→ **Activity**
Take the data below. Output it exactly from its first line through the line containing "Magsafe Uyumlu 360".
___ Supplied records ___
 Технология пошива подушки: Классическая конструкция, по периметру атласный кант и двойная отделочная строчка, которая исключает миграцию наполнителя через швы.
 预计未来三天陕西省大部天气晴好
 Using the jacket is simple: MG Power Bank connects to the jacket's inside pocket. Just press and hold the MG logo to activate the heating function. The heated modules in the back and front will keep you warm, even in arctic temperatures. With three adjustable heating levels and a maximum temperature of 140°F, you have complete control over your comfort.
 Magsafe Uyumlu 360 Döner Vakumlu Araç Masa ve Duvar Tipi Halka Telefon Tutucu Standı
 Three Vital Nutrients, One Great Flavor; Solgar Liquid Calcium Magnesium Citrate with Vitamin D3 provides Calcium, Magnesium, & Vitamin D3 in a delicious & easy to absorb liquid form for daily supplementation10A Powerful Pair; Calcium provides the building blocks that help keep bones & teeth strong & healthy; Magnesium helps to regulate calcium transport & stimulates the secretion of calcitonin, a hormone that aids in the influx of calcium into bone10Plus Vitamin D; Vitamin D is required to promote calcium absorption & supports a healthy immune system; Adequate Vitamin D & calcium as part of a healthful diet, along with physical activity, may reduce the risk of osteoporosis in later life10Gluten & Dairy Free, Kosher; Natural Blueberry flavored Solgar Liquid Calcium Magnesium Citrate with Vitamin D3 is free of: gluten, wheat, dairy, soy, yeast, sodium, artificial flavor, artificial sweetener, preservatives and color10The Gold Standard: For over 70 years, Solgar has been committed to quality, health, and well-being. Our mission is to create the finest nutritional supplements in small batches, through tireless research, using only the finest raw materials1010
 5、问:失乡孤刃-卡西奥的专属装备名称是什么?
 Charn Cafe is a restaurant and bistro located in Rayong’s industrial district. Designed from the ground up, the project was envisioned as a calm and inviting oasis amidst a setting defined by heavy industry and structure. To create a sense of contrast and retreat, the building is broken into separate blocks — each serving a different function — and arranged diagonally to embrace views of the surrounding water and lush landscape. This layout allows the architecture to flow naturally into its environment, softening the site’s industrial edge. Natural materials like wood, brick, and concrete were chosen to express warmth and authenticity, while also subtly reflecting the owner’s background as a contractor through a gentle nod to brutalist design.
___
→ **Solution to this exercise**
 Технология пошива подушки: Классическая конструкция, по периметру атласный кант и двойная отделочная строчка, которая исключает миграцию наполнителя через швы.
 预计未来三天陕西省大部天气晴好
 Using the jacket is simple: MG Power Bank connects to the jacket's inside pocket. Just press and hold the MG logo to activate the heating function. The heated modules in the back and front will keep you warm, even in arctic temperatures. With three adjustable heating levels and a maximum temperature of 140°F, you have complete control over your comfort.
 Magsafe Uyumlu 360 Döner Vakumlu Araç Masa ve Duvar Tipi Halka Telefon Tutucu Standı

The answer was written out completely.